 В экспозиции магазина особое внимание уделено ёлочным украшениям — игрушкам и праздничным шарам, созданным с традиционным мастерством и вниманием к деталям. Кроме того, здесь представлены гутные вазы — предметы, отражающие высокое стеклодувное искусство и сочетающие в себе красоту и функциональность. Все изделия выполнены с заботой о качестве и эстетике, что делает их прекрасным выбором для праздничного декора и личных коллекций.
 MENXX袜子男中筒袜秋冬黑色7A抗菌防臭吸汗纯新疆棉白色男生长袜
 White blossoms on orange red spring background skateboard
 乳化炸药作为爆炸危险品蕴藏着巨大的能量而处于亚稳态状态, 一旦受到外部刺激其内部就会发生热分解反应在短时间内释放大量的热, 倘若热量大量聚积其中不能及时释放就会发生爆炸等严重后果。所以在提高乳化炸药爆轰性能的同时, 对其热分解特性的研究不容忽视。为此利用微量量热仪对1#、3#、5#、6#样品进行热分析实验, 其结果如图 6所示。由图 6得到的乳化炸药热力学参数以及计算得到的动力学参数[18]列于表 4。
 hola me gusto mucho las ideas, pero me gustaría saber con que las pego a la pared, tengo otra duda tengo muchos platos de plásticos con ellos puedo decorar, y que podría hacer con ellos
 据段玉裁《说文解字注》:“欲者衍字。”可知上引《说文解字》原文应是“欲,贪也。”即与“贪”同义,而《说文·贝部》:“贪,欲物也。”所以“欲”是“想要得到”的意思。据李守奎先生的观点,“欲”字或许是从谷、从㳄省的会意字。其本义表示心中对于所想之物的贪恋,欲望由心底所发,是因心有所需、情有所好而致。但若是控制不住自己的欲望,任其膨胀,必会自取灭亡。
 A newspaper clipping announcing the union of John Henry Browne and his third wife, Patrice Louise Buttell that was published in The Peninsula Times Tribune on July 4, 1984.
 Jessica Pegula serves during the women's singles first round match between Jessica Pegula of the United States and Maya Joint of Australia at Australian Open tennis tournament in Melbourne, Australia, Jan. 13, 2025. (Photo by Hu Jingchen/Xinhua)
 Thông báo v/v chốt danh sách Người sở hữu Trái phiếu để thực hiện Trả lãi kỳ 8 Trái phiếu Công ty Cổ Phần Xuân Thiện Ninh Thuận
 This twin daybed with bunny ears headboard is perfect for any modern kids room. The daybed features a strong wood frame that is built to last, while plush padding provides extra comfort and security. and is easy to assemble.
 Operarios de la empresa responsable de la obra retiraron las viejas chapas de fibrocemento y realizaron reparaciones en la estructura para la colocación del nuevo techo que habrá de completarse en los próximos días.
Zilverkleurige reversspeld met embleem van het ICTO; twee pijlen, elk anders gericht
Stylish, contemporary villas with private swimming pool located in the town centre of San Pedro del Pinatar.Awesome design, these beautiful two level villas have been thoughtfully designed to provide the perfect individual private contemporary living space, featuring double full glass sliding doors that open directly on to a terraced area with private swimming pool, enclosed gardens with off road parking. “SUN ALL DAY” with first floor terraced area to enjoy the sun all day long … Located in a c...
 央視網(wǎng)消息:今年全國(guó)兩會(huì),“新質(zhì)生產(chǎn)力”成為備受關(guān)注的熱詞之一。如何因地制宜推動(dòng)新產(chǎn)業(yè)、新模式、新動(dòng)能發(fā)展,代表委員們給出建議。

## What this task involves:
Print only these lines, exactly: the one containing "Stylish, contemporary villas" and all after it to the end of the entries.

## Answer to the problem:
Stylish, contemporary villas with private swimming pool located in the town centre of San Pedro del Pinatar.Awesome design, these beautiful two level villas have been thoughtfully designed to provide the perfect individual private contemporary living space, featuring double full glass sliding doors that open directly on to a terraced area with private swimming pool, enclosed gardens with off road parking. “SUN ALL DAY” with first floor terraced area to enjoy the sun all day long … Located in a c...
 央視網(wǎng)消息:今年全國(guó)兩會(huì),“新質(zhì)生產(chǎn)力”成為備受關(guān)注的熱詞之一。如何因地制宜推動(dòng)新產(chǎn)業(yè)、新模式、新動(dòng)能發(fā)展,代表委員們給出建議。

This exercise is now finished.